AgentSkillsCN

bit-optimization

针对精简数据结构的位级优化模式。当您需要优化 rank/select、popcount,或平衡括号运算时,这一技能将助您事半功倍。触发条件包括“rank”、“select”、“popcount”、“位操作”、“查找表”、“优化”等术语。

SKILL.md
--- frontmatter
name: bit-optimization
description: Bit-level optimization patterns for succinct data structures. Use when optimizing rank/select, popcount, or balanced parentheses operations. Triggers on terms like "rank", "select", "popcount", "bit manipulation", "lookup table", "optimization".

Bit-Level Optimization Patterns

Learnings from optimizing succinct data structure operations.

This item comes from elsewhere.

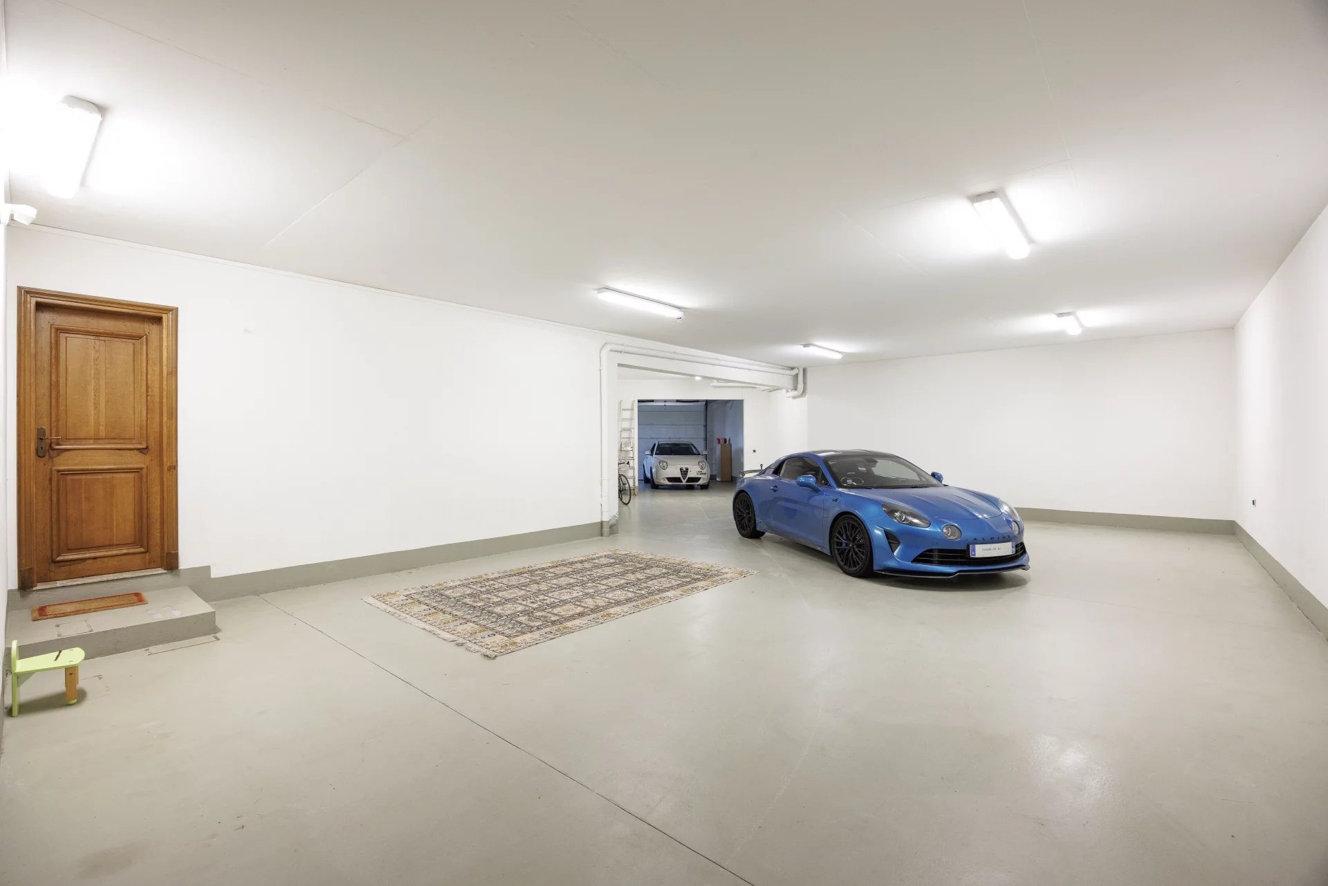The lower floor offers 2 bedrooms with shower rooms, an office (possible 6th bedroom), a laundry room and a gigantic garage of over 220 m² for 7 cars. The office and laundry room, accessible from a vast hallway with a separate entrance door, offer a space perfectly suited to a home-based business.

Comprehensive documentation: See docs/optimizations/ for full technique reference:

Byte-Level Lookup Tables

When to use: Scanning bits one-at-a-time is slow (64 iterations per word). Use 256-entry lookup tables to process 8 bits at once.

Pattern: Two-Level Lookup

rust
// Precompute at compile time
const BYTE_MIN_EXCESS: [i8; 256] = { /* min prefix sum for each byte value */ };
const BYTE_TOTAL_EXCESS: [i8; 256] = { /* total excess (popcount*2 - 8) */ };
const BYTE_FIND_CLOSE: [[u8; 16]; 256] = { /* 2D: byte_value x initial_excess */ };

fn find_close_in_word_fast(word: u64, initial_excess: i32) -> Option<usize> {
    let bytes = word.to_le_bytes();
    let mut excess = initial_excess;

    for (i, &byte_val) in bytes.iter().enumerate() {
        // Level 1: Can the result be in this byte?
        let min_excess_in_byte = BYTE_MIN_EXCESS[byte_val as usize] as i32;
        if excess + min_excess_in_byte <= 0 {
            // Level 2: Find exact position within byte
            if excess <= 16 {
                let match_pos = BYTE_FIND_CLOSE[byte_val as usize][(excess - 1) as usize];
                return Some(i * 8 + match_pos as usize);
            }
            // Fallback for excess > 16: bit-by-bit scan of this byte only
        }
        excess += BYTE_TOTAL_EXCESS[byte_val as usize] as i32;
    }
    None
}

Key Insights

  1. Two-level lookup: First check if result is in this byte (fast), then find exact position
  2. Compile-time computation: Use const blocks for zero runtime overhead
  3. Hierarchical skip: Skip entire bytes/words when result can't be there
  4. Fallback for edge cases: Handle out-of-range lookup indices with bit scan

Results

  • 50-90% speedup for BP operations
  • ~90% speedup for construction
  • Deep nesting: 221ns vs 450ns (51% improvement)

Cumulative Index Pattern

When to use: O(n) operation called O(n) times = O(n^2). Add index for O(log n).

rust
// Build cumulative popcount index
fn build_rank_index(words: &[u64]) -> Vec<u32> {
    let mut rank = Vec::with_capacity(words.len() + 1);
    let mut cumulative: u32 = 0;
    rank.push(0);
    for &word in words {
        cumulative += word.count_ones();
        rank.push(cumulative);
    }
    rank
}

// Binary search for select
fn select1(&self, k: usize) -> Option<usize> {
    let k32 = k as u32;
    let mut lo = 0;
    let mut hi = self.words.len();
    while lo < hi {
        let mid = lo + (hi - lo) / 2;
        if self.rank[mid + 1] <= k32 { lo = mid + 1; }
        else { hi = mid; }
    }
    // Scan within word for exact bit position
    let word_rank = self.rank[lo];
    let remaining = k32 - word_rank;
    select_in_word(self.words[lo], remaining as u32).map(|b| lo * 64 + b as usize)
}

Result: 627x speedup (2.76s to 4.4ms) when select is called per result.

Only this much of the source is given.